Currently the book is bouncing around the top 10 on Drive Thru RPG’s Hottest Titles. The price at time of writing is $24.99. You can check it out here.
This review is a work in progress, please head over to the discord if you’d like to chat about it!
Introduction – contains some information on recent events and 8 prebuilt characters which you will probably recognize from the main series including one Geralt of Rivia.
Character Creation – standard info on creating a new character, rolling up a life path, character classes, skill trees, etc.
Gear – Good info on that sweet sweet loot, weapons and armor what else could you ask for? Alchemical Items and Armor Enhancements are the answer, and they’re included in this section!
Magic – Spells and invocations for those with a talent to cast them. Also includes Witcher Signs, Hexes, Rituals, and Places of Power.
Crafting – Want to be a master swordsmith? This section has the tables of materials and crafting diagrams you need.
Combat – Combat Basics, Critical Wounds, Magic Resolution, and Healing. Quick Note, combat is absolutely brutal in this game.
World – No sourcebook is complete without a section on the world. This book goes into detail on the Northern Kingdoms, the Elderlands, the empire of Nilfgaard, Alliances, Religions, and things beyond the border.
Game Master’s Guide – This info will help you run the game, setting up encounters, and handing out rewards. There’s also a brief section on how to keep romance from getting weird.
Witchers – So much awesome, they’re a race, a class, and they get their own section here!
Relics – Experimental Technology, Runes, and Glyphs, oh my!
Bestiary – 24 different monsters full with description, stats, and my personal favorite Commoner Superstition.

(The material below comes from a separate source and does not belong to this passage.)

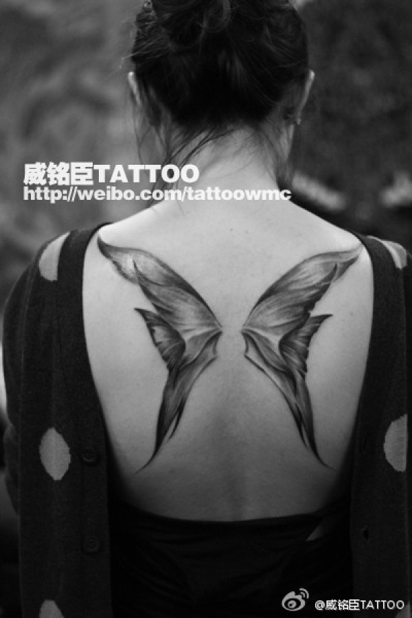 女生后背漂亮潮流的蝴蝶翅膀纹身图案_蝴蝶纹身图案大全_纹身图吧

Misc – a sample scenario to run, character sheets, etc.
Straight from the book:
“The Witcher role playing game is set in a world of dark, adult fantasy where happy endings are rare and actions have consequences, often swift and brutal.”
This opening sentence really sets the tone for what is to come in the book. There’s also a good amount of detail about the setting, how the races came to be and the current conflicts between humans and the other races. This was a good primer for me
The main system revolves around a d10 rolling mechanic. In order to make a skill check you take the appropriate skill + appropriate stat + 1d10. This means that the randomness of the die roll is only a part of the overall skill check. Your natural ability and training actually play a bigger part in your chances to complete a task.
For many, this is a benefit to the system because you rely less on good rolls and more on who your character is.
This section is pretty in depth. Including how to roll for stats or use a point buy type method. It includes a few race options
As well as a few class options
- Man at Arms
It also has an extensive life path system which is a series of tables that you roll on to determine your family, past events, etc. This really grounds your character to the game world and may give you insight on how to play your character. There’s even a fortune/misfortune table that gives you some mechanical benefit. You might be hunted by the law or plagued by nightmares. Perhaps instead you tamed a wild wolf, or gained a favor of a Witcher or mage.
I really like the life path system. It looks a bit complicated at first but I think it really helps you know how your character fits into the world.
Each game session the GM hands out points depending on how well a member did. These points are then spent increasing stats, skills, unlocking and upgrading class specific skills via a skill tree. Each class gets a skill tree with 3 sets of 3 skills. This results in 3 different paths with a total of 9 class skills that can be improved. Each class also starts with a defining feature that they can use from the get go.
There’s not a lot to say about this section without just talking about the gear itself. There’s a number of weapons, swords, pole arms, ranged, thrown, and magic weapons (staves). The best part is each one gets its own description as if a dwarven blacksmith is walking you through his shop. He actually narrates a large number of things throughout the book which helps you understand the lore and vibe of the book a bit better. Overall an excellent section if you like drooling over flavor text and item tables.
There are 5 major types of magic
- Mage Spells
- Priest Invocations
- Witcher Signs
The first 3 are specific to your class in terms of your ability to cast them
Mage Spells focus on the elements, dealing damage, mind control, and protection.
Priest Invocations are the Devine and nature based abilities much like spells. These usually focus on passive buffs to skills or damage. There are a few that do direct damage.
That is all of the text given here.